CPS: Mapping Physical Coordinates to High-Fidelity Spatial Transcriptomics via Privileged Multi-Scale Context Distillation
We introduce the Cell Positioning System (CPS), a context-aware implicit neural representation framework designed to map physical coordinates to high-fidelity spatial transcriptomics via a privileged multi-scale context distillation strategy. CPS treats multi-scale tissue niches as privileged information, employing a teacher network equipped with a multi-scale niche attention mechanism to capture adaptive biological interactions during training. This structural knowledge is explicitly distilled into a student coordinate network, enabling the generation of context-aware expression landscapes solely from spatial coordinates during inference.

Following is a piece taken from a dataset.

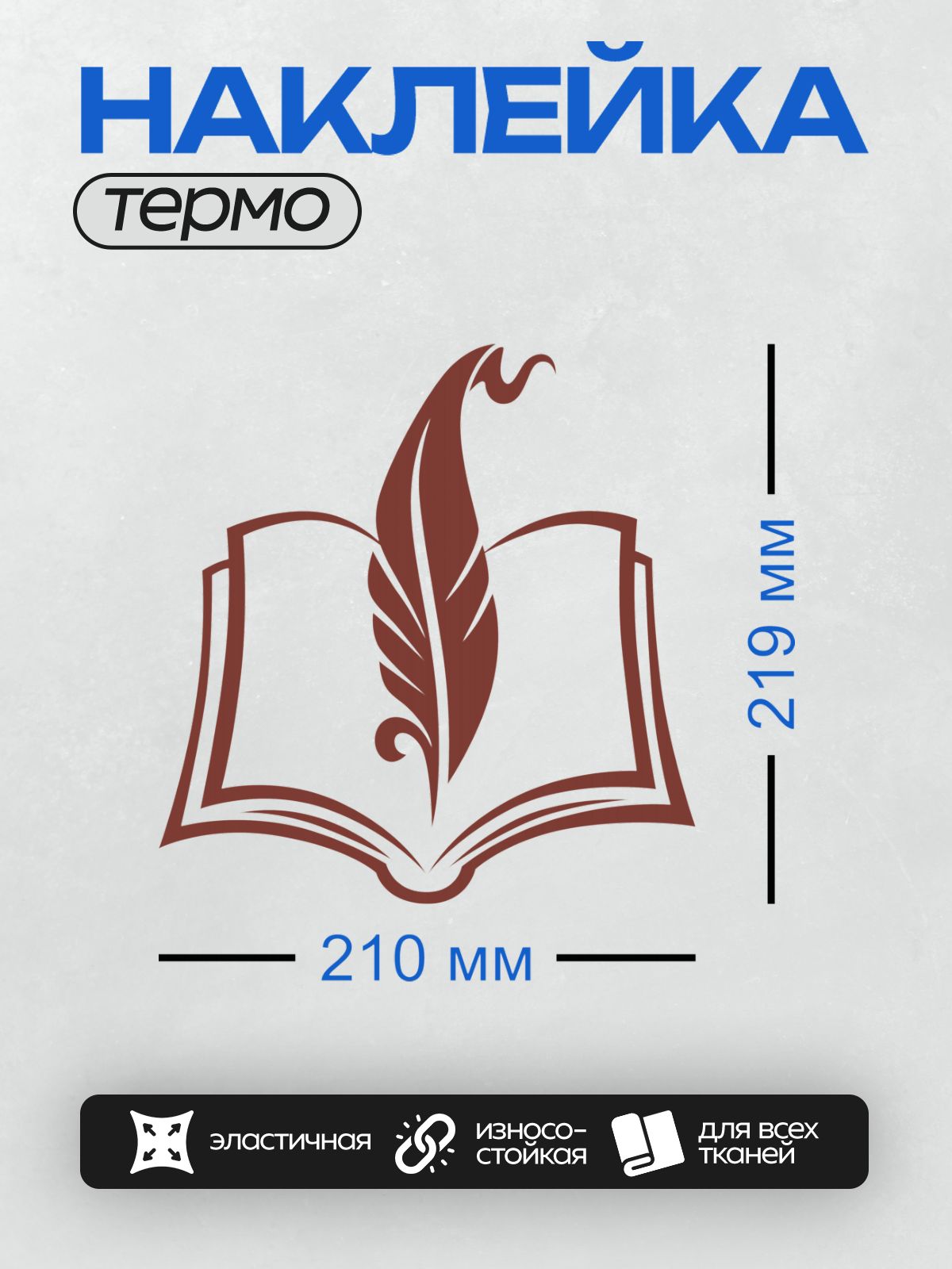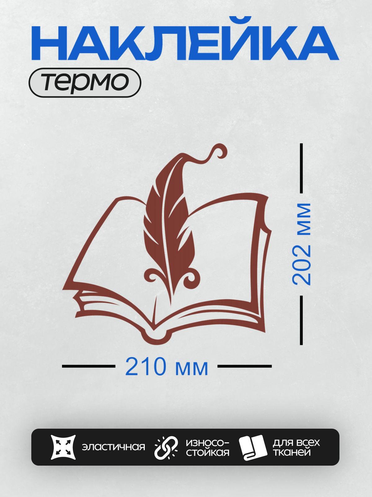 Термонаклейка на одежду DTF / Стилизованная книга с пером, символ литературы.
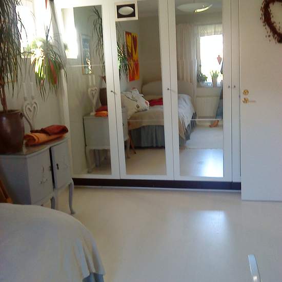 Markplanslägenhet. Glasat uterum och uteplats. Var sitt rum övriga ytor delas. I hyran ingår lån av cykel, diskmedel, tvättmedel, papper, sängkläder, lakan och handdukar. Du får gärna ha en vän eller släkting på besök efter överenskommelse.

We provide comprehensive Jupyter notebooks to reproduce the results and figures presented in the paper. The experiments are organized into three main directories: benchmark, case_study, and Interpret.
-
📂 benchmark/: Contains benchmarks for Spatial Imputation and Gene Imputation on the 12-slice DLPFC dataset.
1_spatiual_imputation_DLPFC.ipynb: Benchmarking spatial imputation performance on #151673 .2_gene_imputation_DLPFC.ipynb: Benchmarking gene imputation performance on #151673.3_DLPFC_12_SI.ipynb&4_DLPFC_12_GI.ipynb: Detailed benchmarking scripts for the 12 DLPFC slices.
-
📂 case_study/: Demonstrates Super-Resolution (SR) capabilities and Scalability analysis.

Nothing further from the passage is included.